Zwiadowcy księga 8 ,,Królowie Clonmelu"

(Halt) Zatrzymał się, rozejrzał dookoła. - Warto poszukać migdałów. Przydadzą się, jeżeli uda nam się złapać kilka ryb.
- Złapać, czy złowić? Bo to niekoniecznie to samo - zauważył Horace. Halt zerknął na niego z ukosa.
- Co masz na myśli? Sądzisz, że nie potrafię złowić ryby?
Horace nie spuścił wzroku.
- No, jakoś nie wyglądasz mi na wędkarza. To dosyć spokojny i wytworny sposób spędzania czasu. Trudno mi sobie wyobrazić ciebie przesiadującego godzinami na brzegu rzeki z wędką w ręku.
- A po cóż mi wędka, skoro mam łuk? - zdziwił się Halt, na co Horace uniósł wysoko brwi.
- Zamierzasz strzelać do ryb? - upewnił się, a kiedy Halt skinął głową, dodał: - Niezbyt to szlachetne.

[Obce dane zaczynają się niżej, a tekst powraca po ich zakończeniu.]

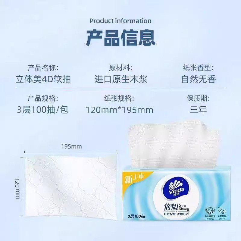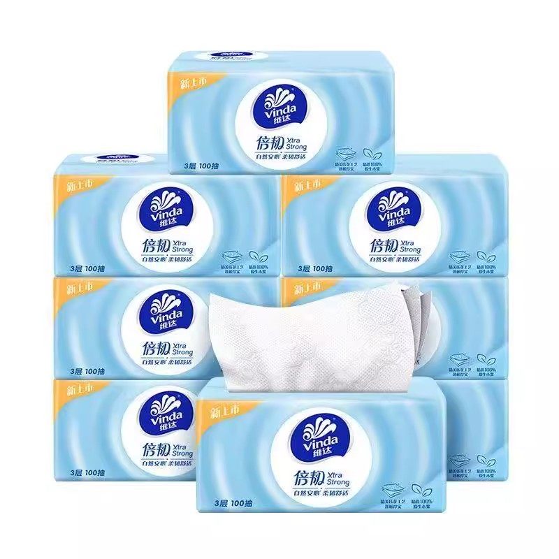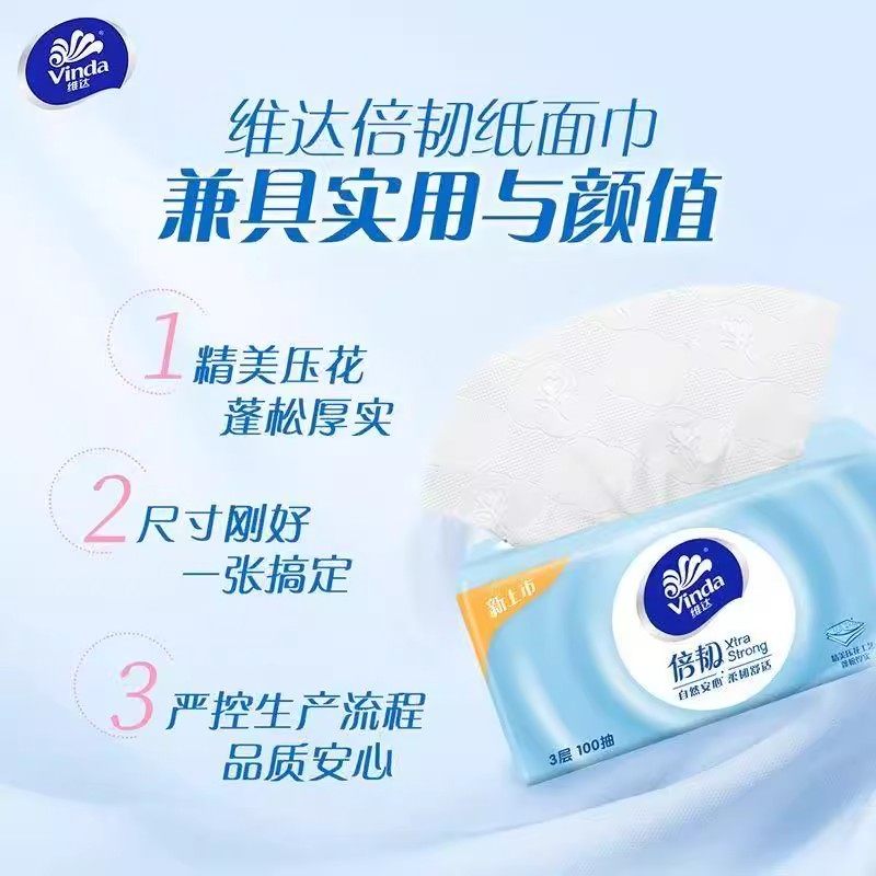 2大包维达倍韧纸巾抽纸宝宝婴儿餐巾纸卫生纸擦手纸 100抽2包
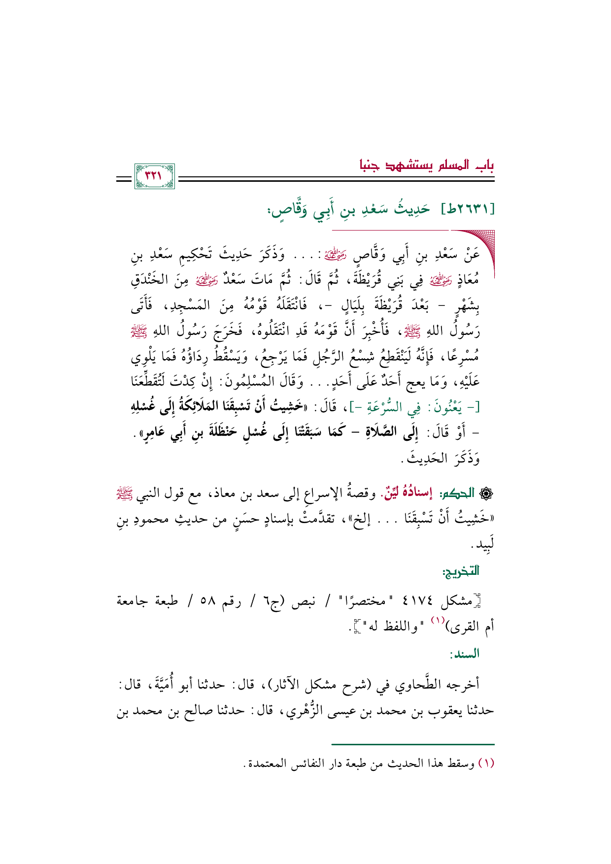 [مشكل ٤١٧٤ مختصرًا / نبص (ج ٦/ رقم ٥٨/ طبعة جامعة أم القرى) (¬١) "واللفظ له"].
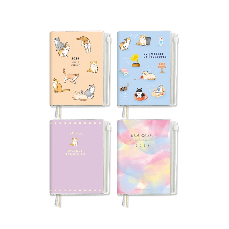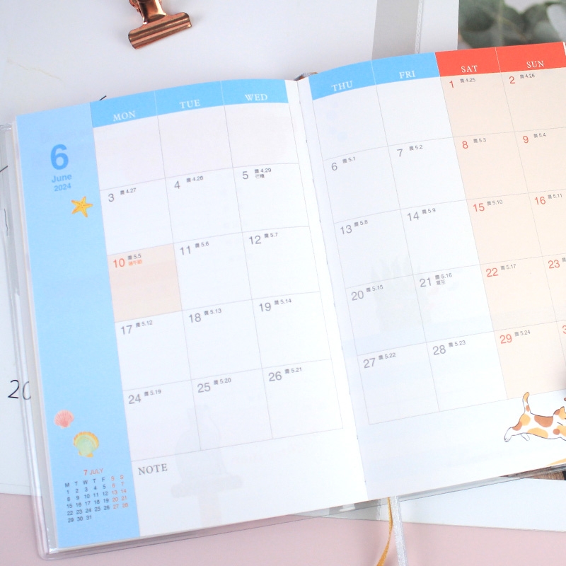2024年B6/32K彩色年度週誌/週計劃+收支/家計手帳/PVC書套/記事本/筆記本

Mieszkańcy Zamku Araluen z upodobaniem oddawali się łowiectwu tudzież wędkowaniu, często brał w tym udział sam monarcha. Z owymi szlachetnymi rozrywkami łączyło się całe mnóstwo ściśle określonych zasad. Horace'owi wpojono na przykład, że pstrągi wolno łowić tylko za pomocą wędki oraz przy użyciu błystki, nigdy zaś żywej przynęty. Nadziewanie ryb na groty strzał z pewnością nie mieściło się w tych regułach. Cóż - pomyślał Horace - Halt przynajmniej nie stosuje żywej przynęty.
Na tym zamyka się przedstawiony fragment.